Big Sugar also investigates the evils of slavery on sugar plantations and outlines the abolitionists’ efforts in England in the 1790s to defeat sugar slavery. The show’s second episode explores the power of today’s Bacardi-Fanjuls sugar cartel in Florida. It also handles the recent political hot potato of sugar’s role in runaway epidemics of diabetes and obesity.

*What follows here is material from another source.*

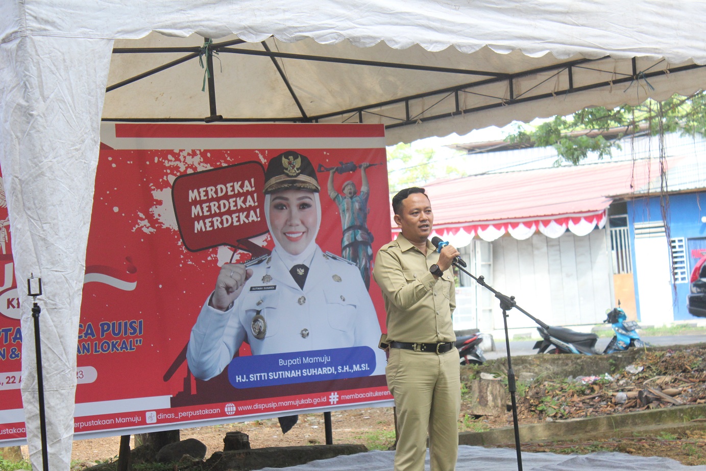 MAMUJU, RAKYATSULBAR.COM — Semarak dalam memperingati HUT RI ke-78, Dinas Perpustakaan dan Kearsipan Daerah Kabupaten Mamuju gelar Lomba Cipta dan Baca Puisi, Selasa (22/8).
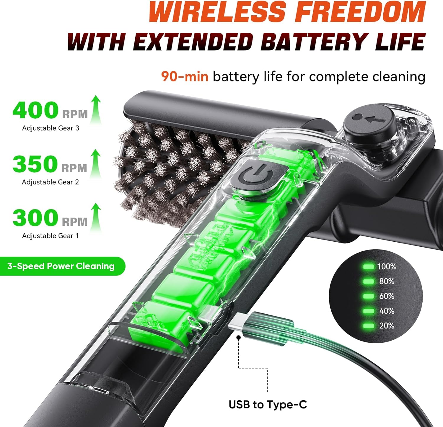 ✅ Powerful 300-450 RPM Spin – Robust motor maintains high-speed rotation even under pressure, dissolving stubborn grime effortlessly.

The $1.2-million project, shot over 36 days, will take McKenna and his crew to Barbados, Geneva, Washington, DC, London, Liverpool, Miami, the Dominican Republic and Toronto. Big Sugar is produced by Galafilm Productions in association with the CBC and Radio-Canada. Executive producer Arnie Gelbart is behind the project, along with Galafilm producers Sylvia Wilson and Stephen Phizicky. McKenna wrote and is directing the docudrama, while Stefan Nitoslawski is the DOP.
‘We go to Barbados with Lisa Codrington, a 25-year-old writer from Toronto who is a descendant of the slaves on the famous Codrington sugar plantation,’ says McKenna, winner of the Gordon Sinclair Award for journalism. ‘It was considered an enlightened plantation, but we discover that many of the Codrington slaves died of hunger and mistreatment… This is a plantation that was eventually run by the Anglican Church, which kept it operating, with slaves, until slavery was abolished.’
Big Sugar will air on the CBC and SRC in 2005/06.